特にマンションの価格は高騰しているので、ローン借入額も高くなる傾向にあるため、余計に審査に通りにくいといえるでしょう。
すまリス
「収入」「職業」「年齢」などを見られるんだ!

住み替えに伴う整理が大変

この方は、マンションへの住み替えに伴う、グッズ等の整理が大変だと投稿しています。

間取りによりますが、マンションは戸建てよりも収納性で劣る可能性が高く、物が多い場合は引っ越し時に大変な思いをすることになります。

マンションへの住み替えを検討している方は、事前に断捨離をしておくのがよいでしょう。

すまリス
物が減れば引っ越し費用も抑えられるよ!

子どもが独立した後はマンションの方が住みやすい

子どもがいる間は戸建ての方が便利ですが、子どもが独立すると夫婦二人で生活するため、広すぎる状態となります。

2階や3階建ての場合、徐々に使用しなくなることも考えられます。また、老後は階段の昇り降りが億劫となり、さらに必要なくなるでしょう。

このように、子どもの独立のタイミングでマンションへ住み替える人も一定数います。

すまリス
「夫婦2人で3LDK」は広すぎるよね!

戸建ての売却とマンションの購入は計画的に進めよう

戸建てを売却しマンションへ住み替えをスムーズに完了させるには、計画的に進めていくことが重要です。

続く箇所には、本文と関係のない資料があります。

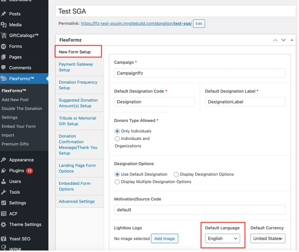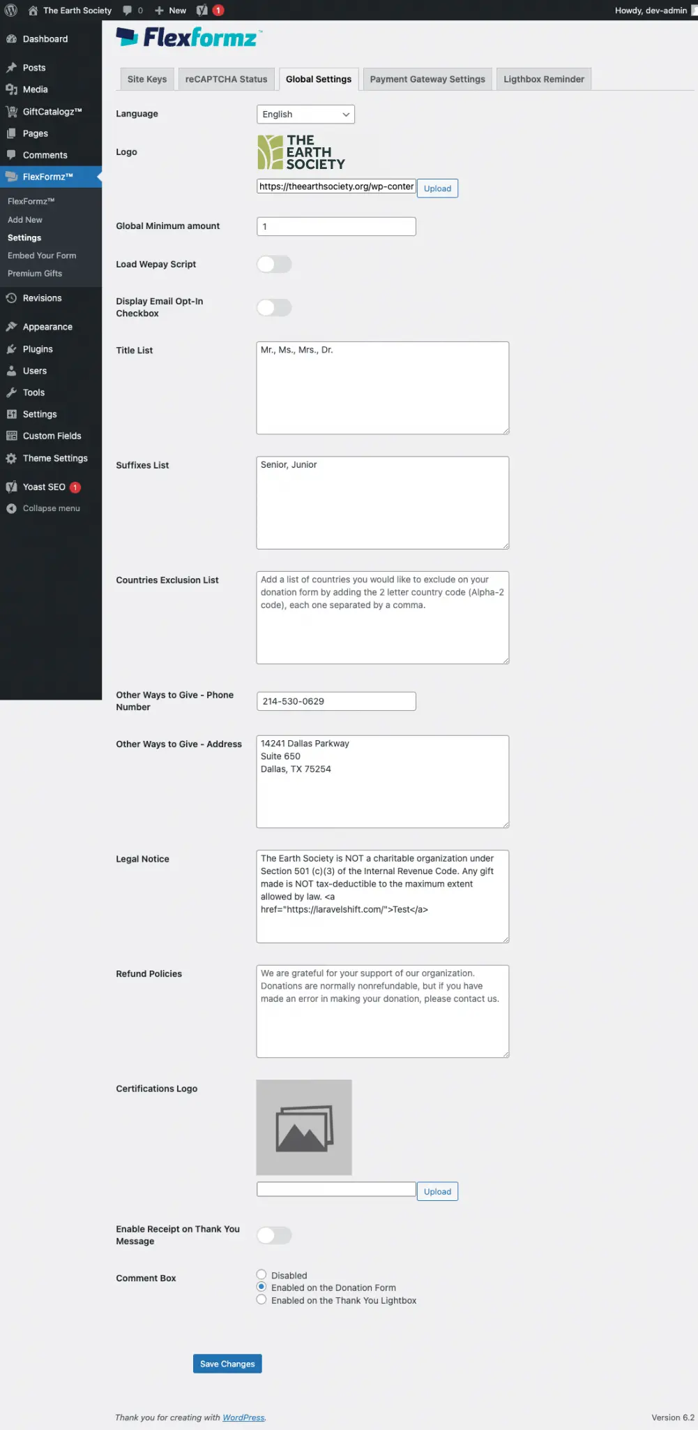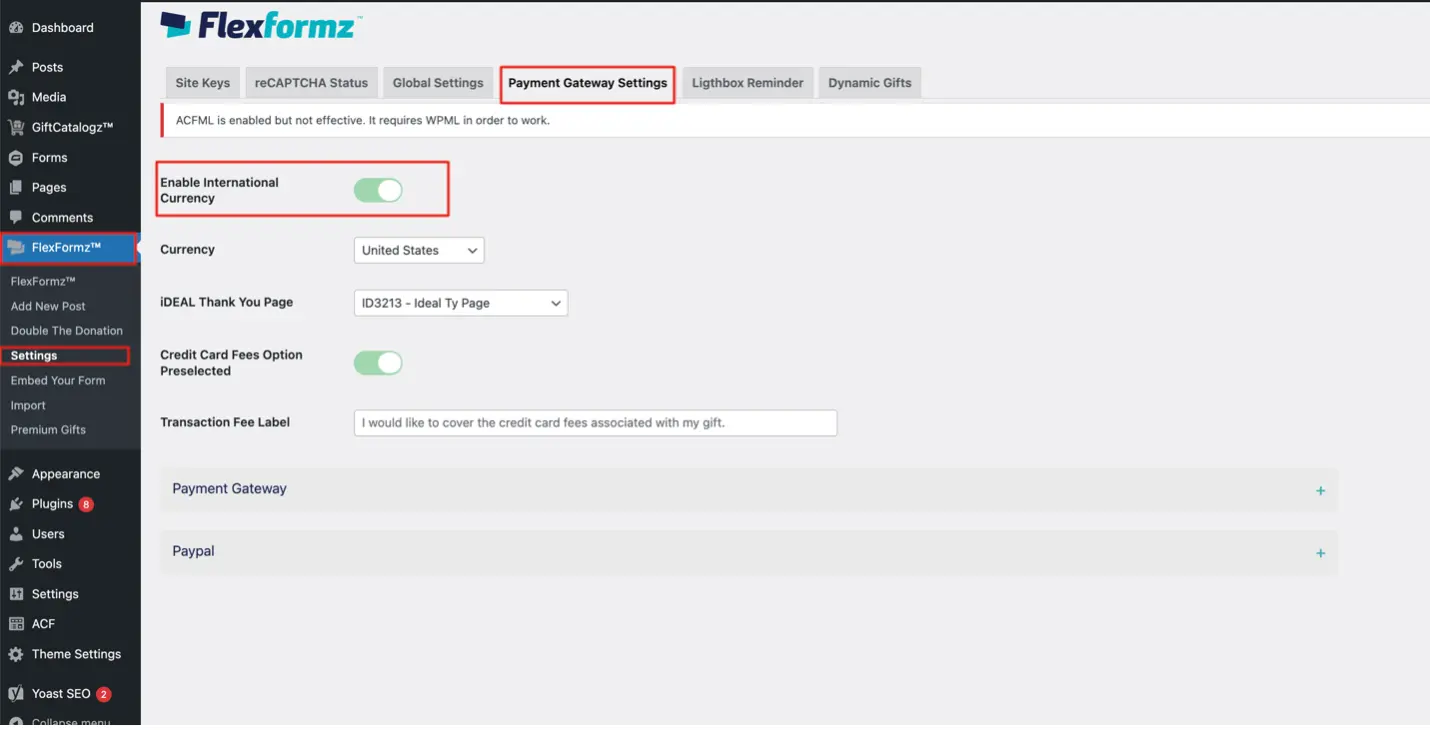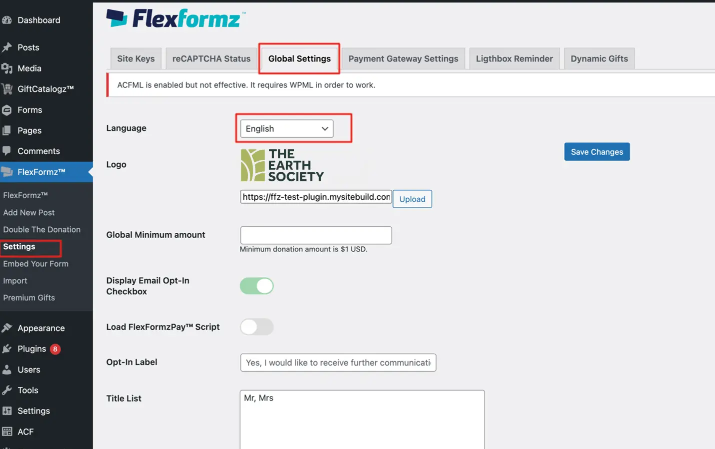 FlexFormz WordPress Global Settings
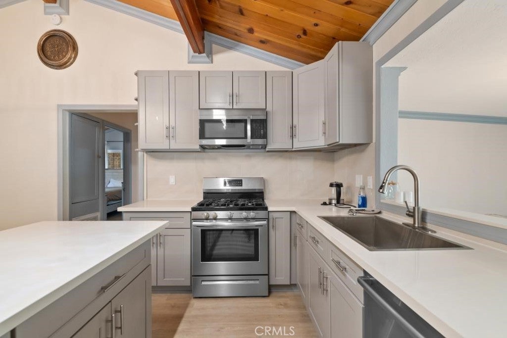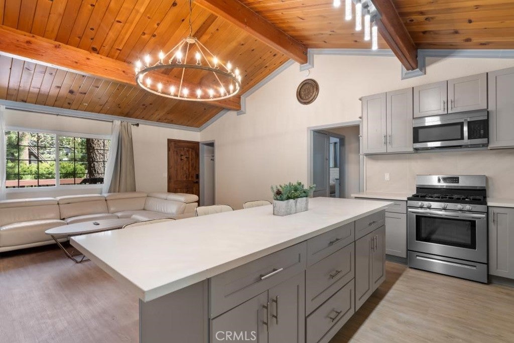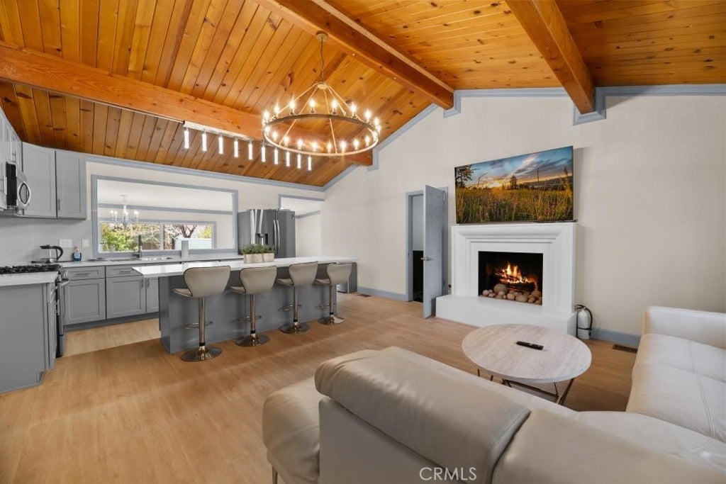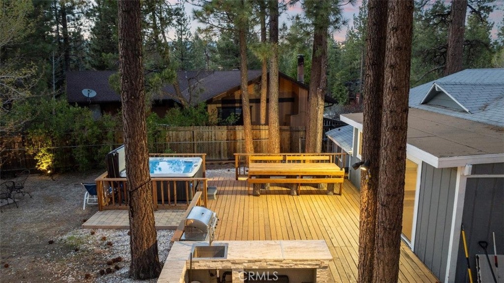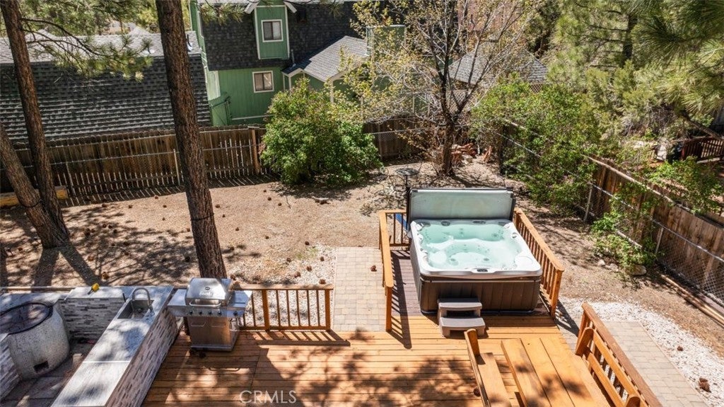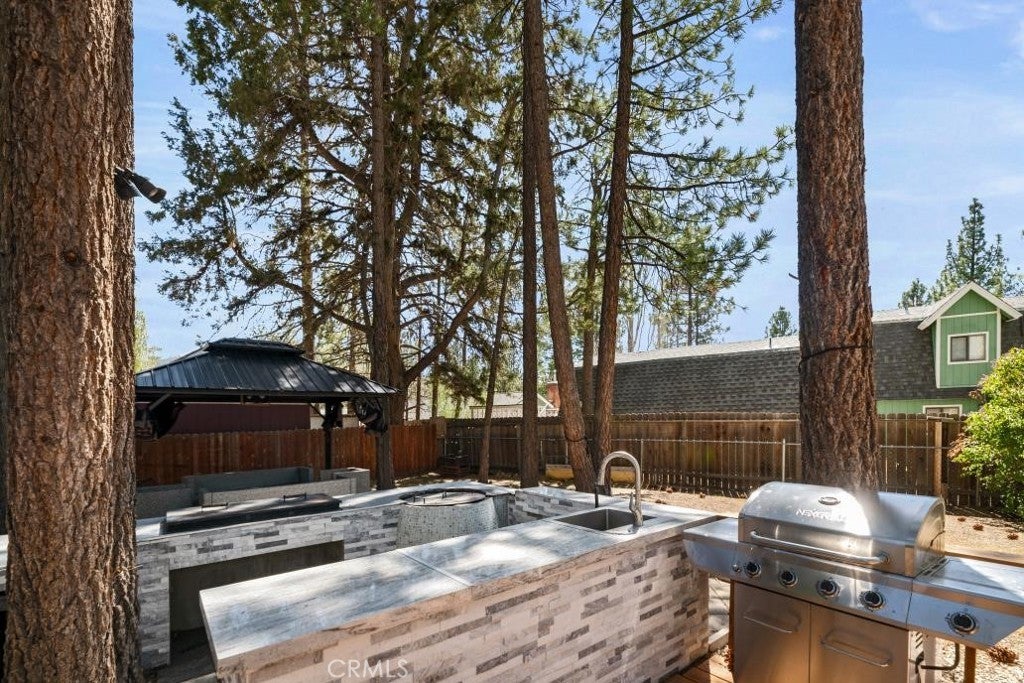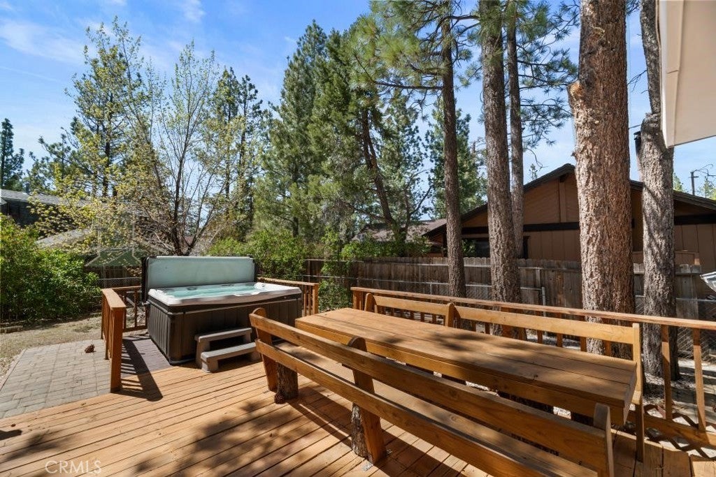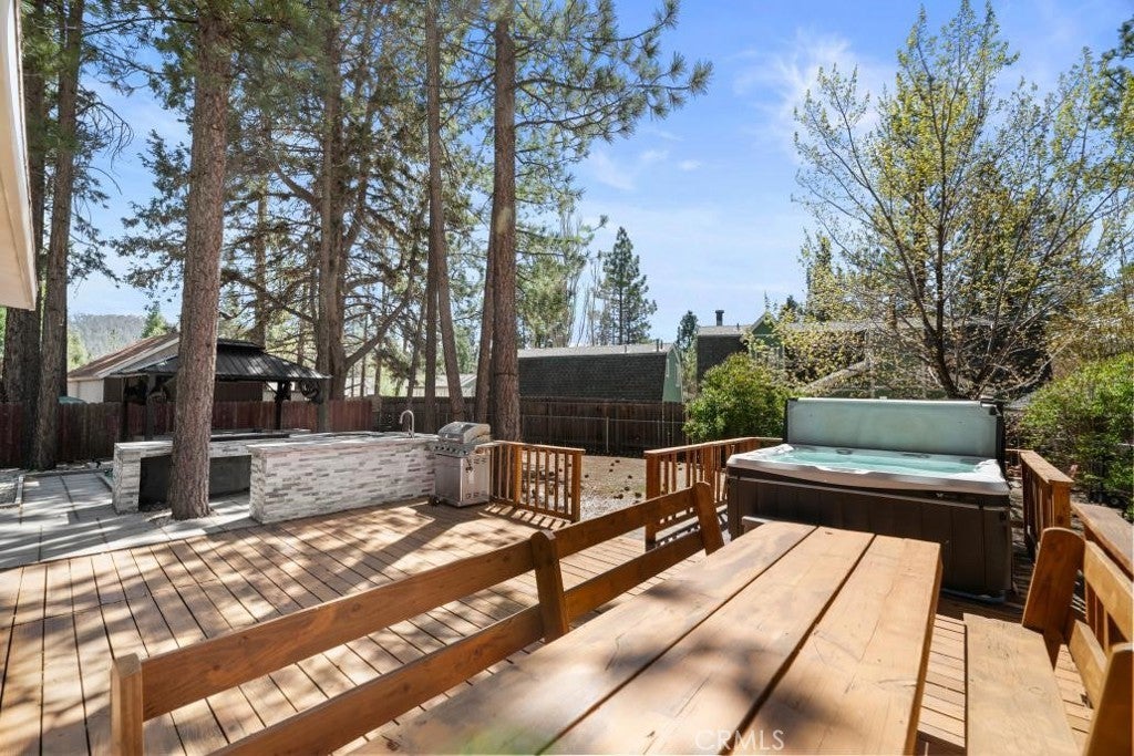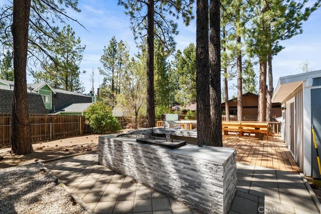 Are you looking for a place that truly feels like a getaway? This brand-new kitchen and the stunning renovations throughout the home make it perfect for anyone who enjoys modern comforts. The backyard features an above-ground jacuzzi, a brand-new outdoor kitchen, and a cozy fire pit with seating under the gazebo—ideal for entertaining or simply unwinding year-round, not just in winter! Bonus Garage Room! 5 Car parking spaces/RV Parking! Nestled in the tranquil Fox Farm neighborhood, this beautiful mountain home is just minutes away from all that Big Bear has to offer. You'll find shopping, dining, the lake, and resorts nearby. The open floor plan creates an ideal space for hosting gatherings with friends and family or enjoying a cozy night in by the fireplace with loved ones. Imagine sipping your morning coffee on the front porch while soaking in views of Bear Mountain Resort, or relaxing in the afternoons on your back deck, listening to the gentle rustle of the pines. This home boasts special features like a formal dining room, and a fully fenced yard for privacy and enjoyable stays. Plus, the large, covered carport adds extra convenience. Whether you're considering a primary residence or a rental income opportunity, this cabin is ready for you to create lasting memories. Don’t miss out—this gem won’t last long! If you have any questions or would like to learn more about the area, please feel free to reach out.
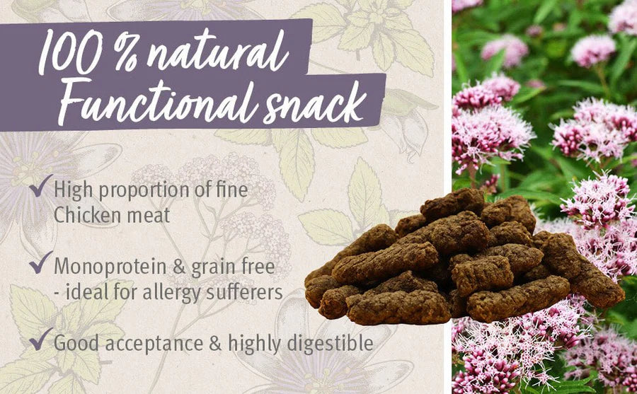 AniForte® Relax Snacks are a tasty and highly digestible treat made with a high proportion of chicken meat. The biscuit-like meat snacks are combined with a high-quality, natural herbal mixture of valerian root, hop leaves, lemon balmand passion flower herb.

売却まで半年以上の時間がかかるだけでなく、マンションならではのランニングコストの発生や、戸建て売却時に依頼する不動産会社を調べておくなど、さまざまな用意が必要となります。

住み替えを具体的に考えるために、いくらくらいで戸建てを売却できそうか、信頼できる不動産会社探しから始めるのもおすすめです。戸建てからマンションへの住み替えを後悔することがないよう、注意点をおさえ、計画的な住み替えを目指しましょう。